Effect of corner radius on the performance of CFRP-confined square concrete columns

Abstract

Jacketing confines concrete, and hence increases the strength and ductility of jacketed columns. A significant amount of research has been devoted to circular columns that have been retrofitted with fiber reinforced polymer (FRP), but much less is known about FRP-confined rectangular/square columns in which the concrete is non-uniformly confined and the effectiveness of confinement is much reduced. Some studies suggest that a sharp corner (i.e., a zero corner radius) offers no confinement. However, most published research indicates that a certain degree of effective confinement is provided by a jacket with sharp corners. To further study this problem, this study undertook compressive testing to investigate the effect of corner radius on the strength and ductility of FRP-confined concrete columns.
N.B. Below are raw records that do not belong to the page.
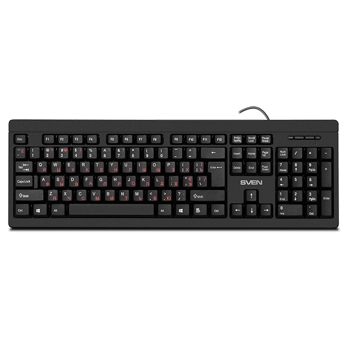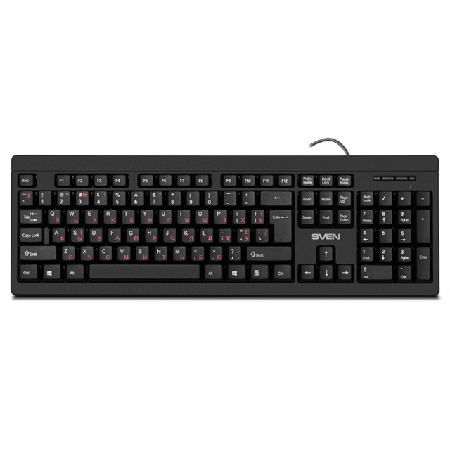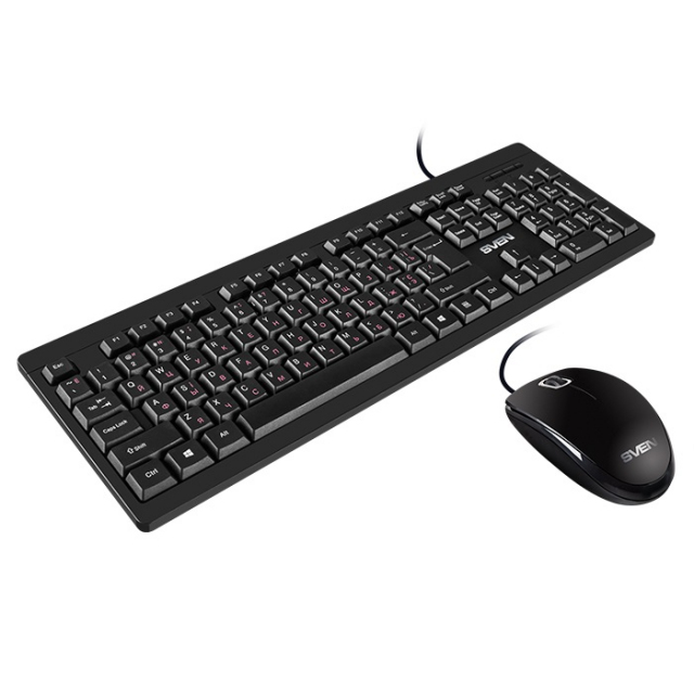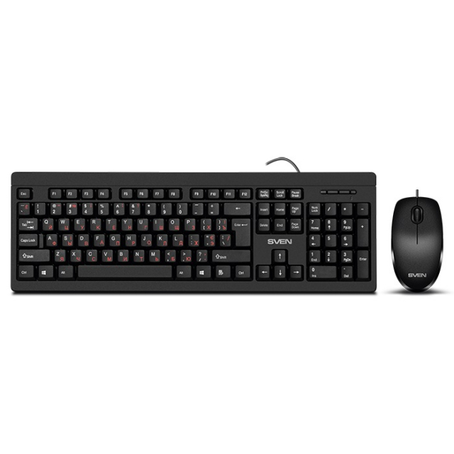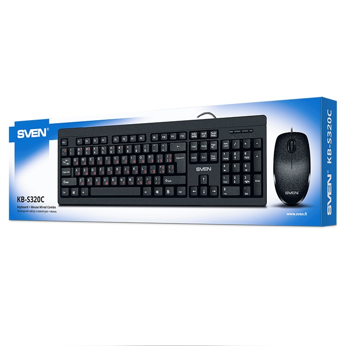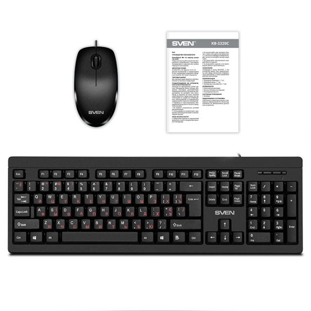 SVEN KB-S320C, Keyboard 104 keys + Mouse (Optical 800 dpi, 3+1 (scroll wheel)), Waterproof design, 1.5m, USB, Black, Rus/Ukr/Eng
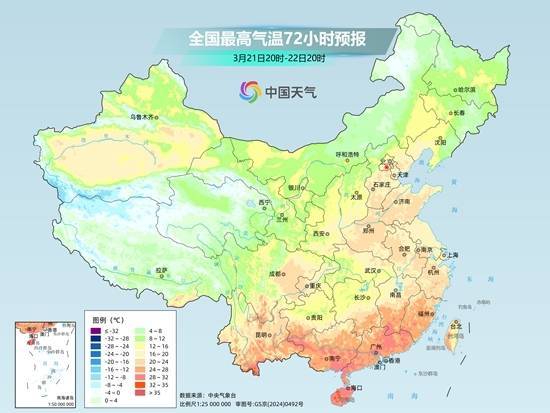 r21日:最高气温10°C线将北抬至今年来最北界,位于内蒙古东北部至黑龙江中部一带,东北地区南部、华北大部及以南地区将普遍超过15°C,华北南部、黄淮多地最高气温将达到20°C左右。
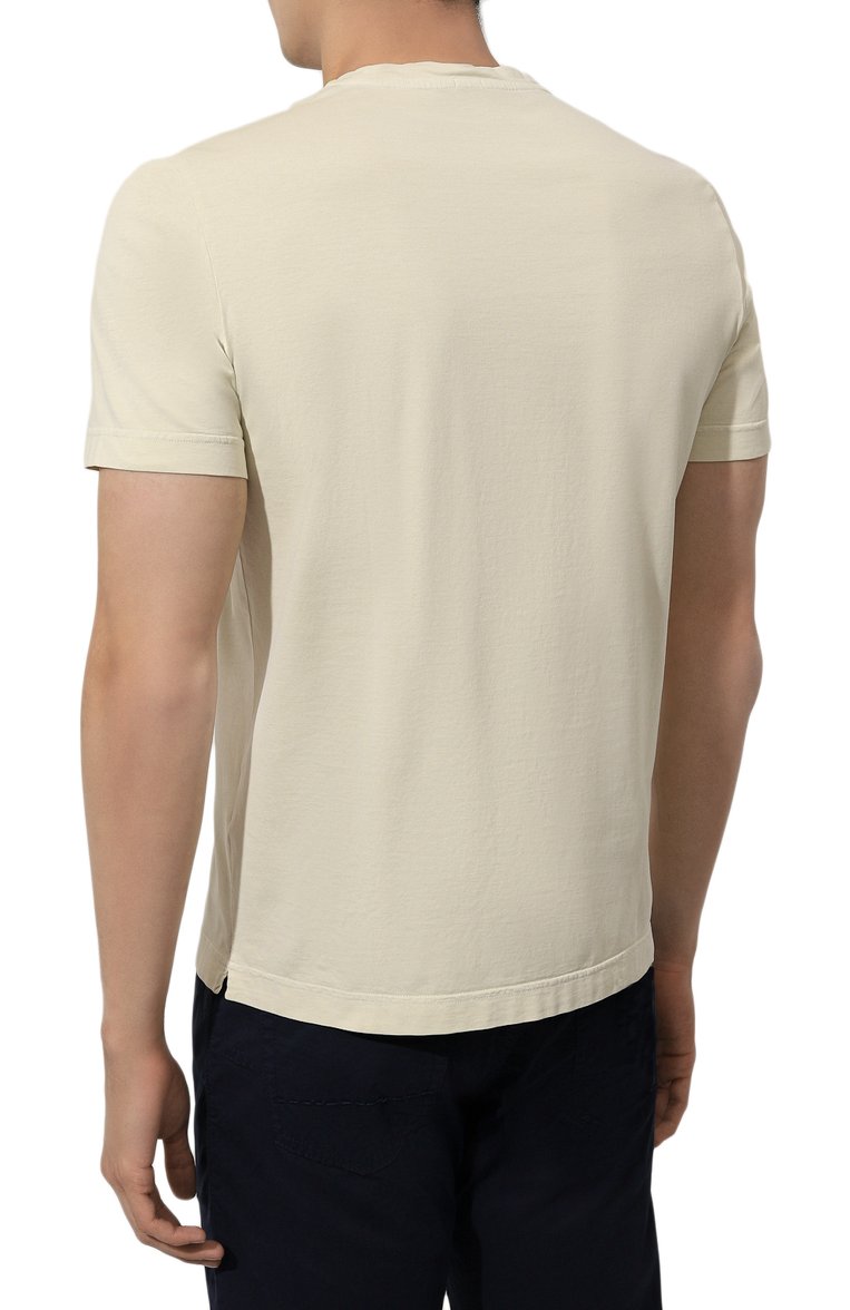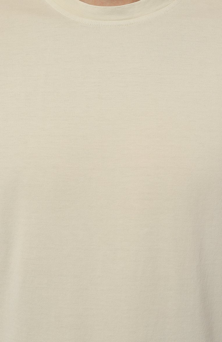 Кремовую футболку без принтов легко сочетать и с яркими вещами, и с одеждой в базовой гамме. Для пошива модели использовали мягкое дышащее джерси из хлопка supima с особенно длинными тонкими волокнами, в гладкости и прочности не уступающими шелку. Изделие из такого материала приятно ощущается на теле и не теряет безупречный вид даже после множества стирок. Вещь окрасили в готовом виде экологичными пигментами, поэтому она приобрела слегка неравномерный оттенок.
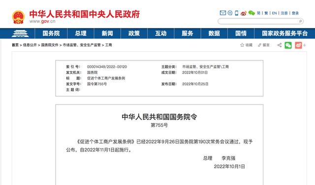 中国政府网10月25日消息,国务院发布《促进个体工商户发展条例》,自2022年11月1日起施行。
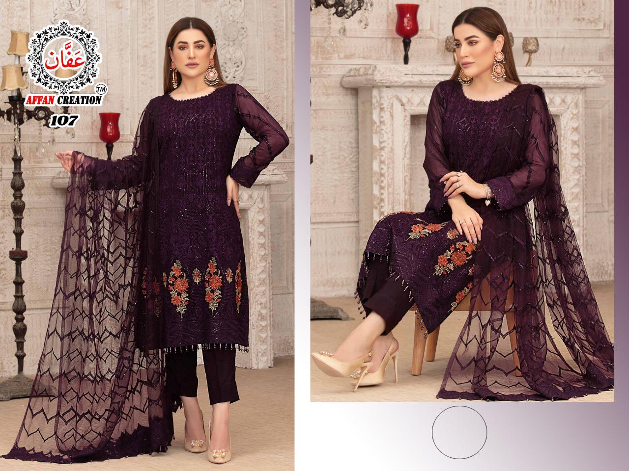 About this product: Affan Creation Present D.no.107 Pakistani Suits Beautiful Fancy Colorful Stylish Party Wear Dresses At Wholesale Price. The manufacturer is well known and the quality is pre-tested and checked. For Booking, you can Call or WhatsApp us on +91-90167 57806.
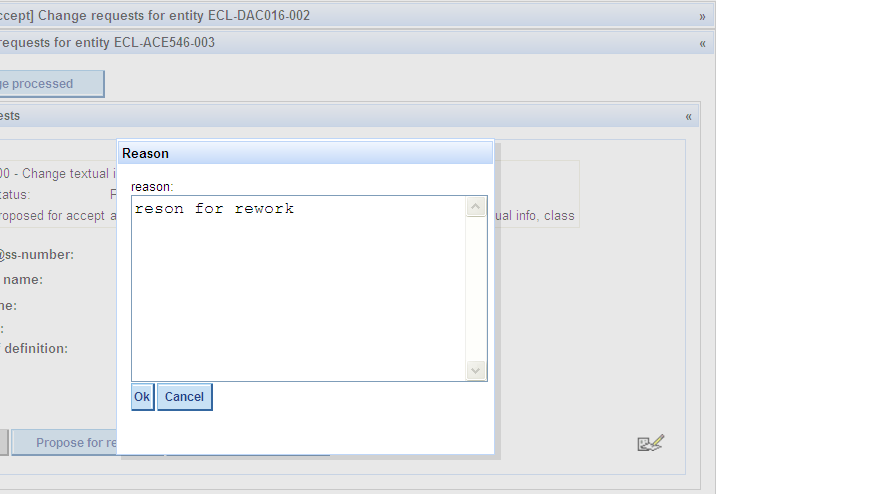 Enter the reason why you want to propose the CR for rework in the field „Reason“ and press OK.
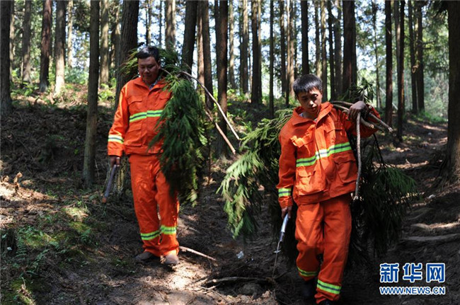 4月27日,在貴州省畢節(jié)市赫章縣平山國(guó)有林場(chǎng),李瓊江(左)和李健搬運(yùn)清除的雜灌木。 新華社記者 楊楹 攝

This thesis reports a series of tests on 108 Carbon FRP (CFRP) confined short concrete columns. The primary variables in the investigation were the corner radius, transverse jacket stiffness, and concrete grade. The test results demonstrated that the corner radius ratio is proportional to the increase in confined concrete strength. Furthermore, it is revealed and explained that confinement provided by a jacket with sharp corners is insignificant in increasing the strength of columns but significant in increasing the ductility of columns. Based on the experimental test, a strength model was developed to predict the compressive strength of FRP-confined square columns. First, the existing models for predicting the compressive strength of FRP-confined circular columns were assessed by comparing them with the experimental test data collected from the open literature. A model was then developed for circular columns based on the database. A shape factor, which is expressed as a function of the corner radius ratio, was then suggested to be used directly in the model proposed for circular sections to predict the confined strength of square columns. The results predicted by this model showed a good agreement for specimens at lower confinement levels, although they were a little conservative at higher confinement levels. This model was proved to be suitable for both square and circular columns.